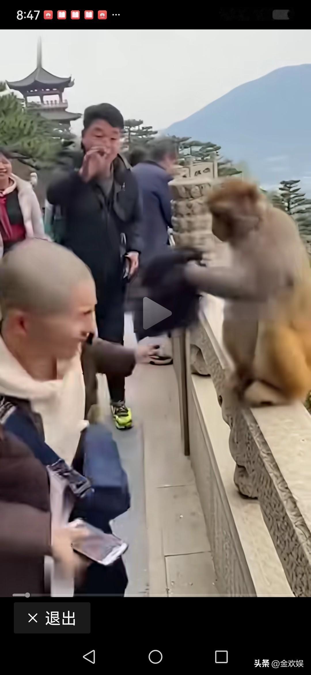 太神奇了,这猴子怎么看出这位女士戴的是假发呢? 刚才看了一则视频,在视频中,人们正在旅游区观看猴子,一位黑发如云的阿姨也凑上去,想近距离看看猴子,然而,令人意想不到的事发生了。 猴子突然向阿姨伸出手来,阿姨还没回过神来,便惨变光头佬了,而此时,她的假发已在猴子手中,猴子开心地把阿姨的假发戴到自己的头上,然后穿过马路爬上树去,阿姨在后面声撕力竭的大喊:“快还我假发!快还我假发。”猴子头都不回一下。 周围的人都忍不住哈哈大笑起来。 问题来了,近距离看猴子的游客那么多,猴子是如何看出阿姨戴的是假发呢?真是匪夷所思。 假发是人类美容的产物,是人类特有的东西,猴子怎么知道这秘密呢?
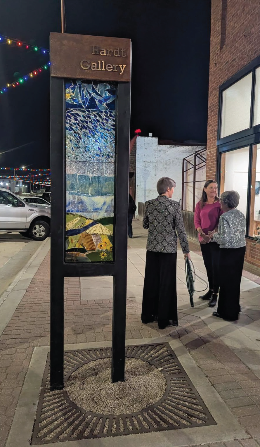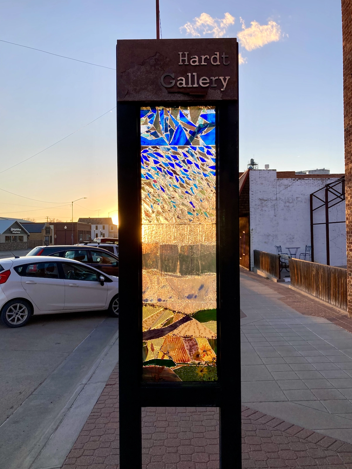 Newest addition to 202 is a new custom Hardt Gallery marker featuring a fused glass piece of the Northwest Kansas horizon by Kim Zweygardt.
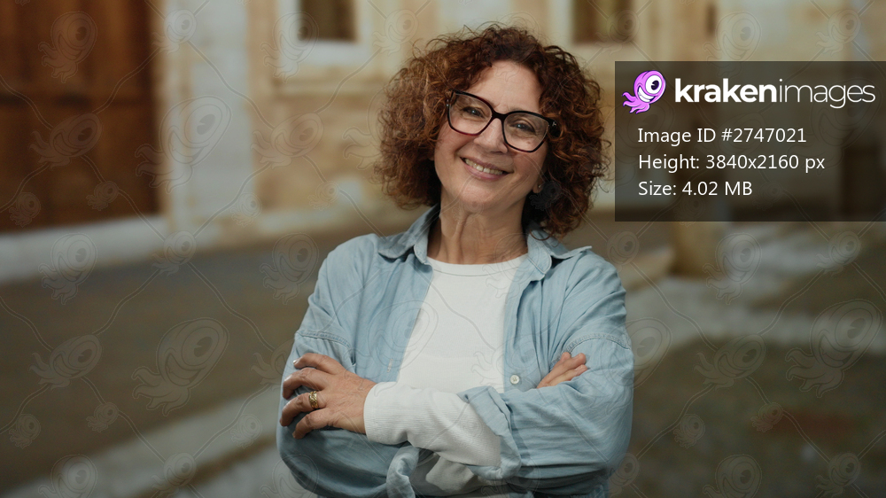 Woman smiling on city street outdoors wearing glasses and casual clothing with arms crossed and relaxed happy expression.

++++++++

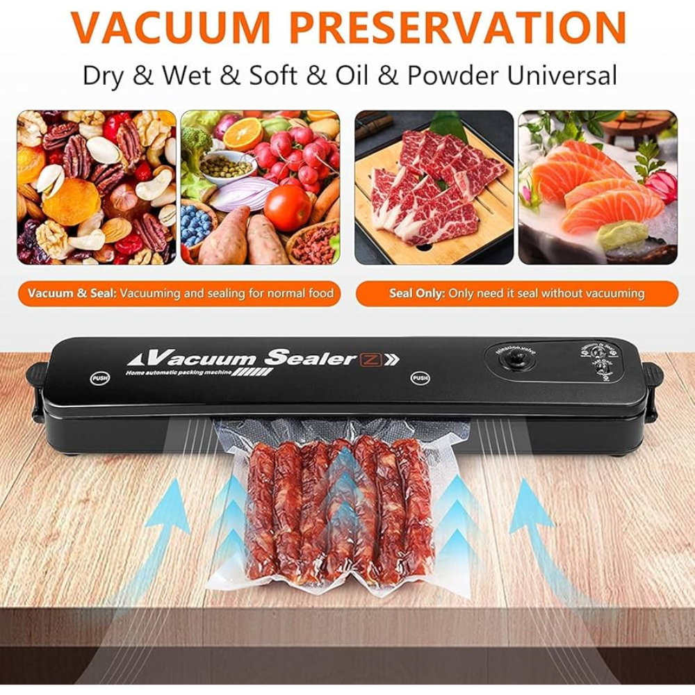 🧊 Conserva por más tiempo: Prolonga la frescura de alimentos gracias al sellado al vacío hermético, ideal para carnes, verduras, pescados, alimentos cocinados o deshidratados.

++++++++

• _EXERCISE GOAL_
Copy the listing above exactly, but only from the line with "Newest addition to" through the line with "Woman smiling on", including those two lines and excluding any picture.

• _TASK RESULT_
 Newest addition to 202 is a new custom Hardt Gallery marker featuring a fused glass piece of the Northwest Kansas horizon by Kim Zweygardt.
 Woman smiling on city street outdoors wearing glasses and casual clothing with arms crossed and relaxed happy expression.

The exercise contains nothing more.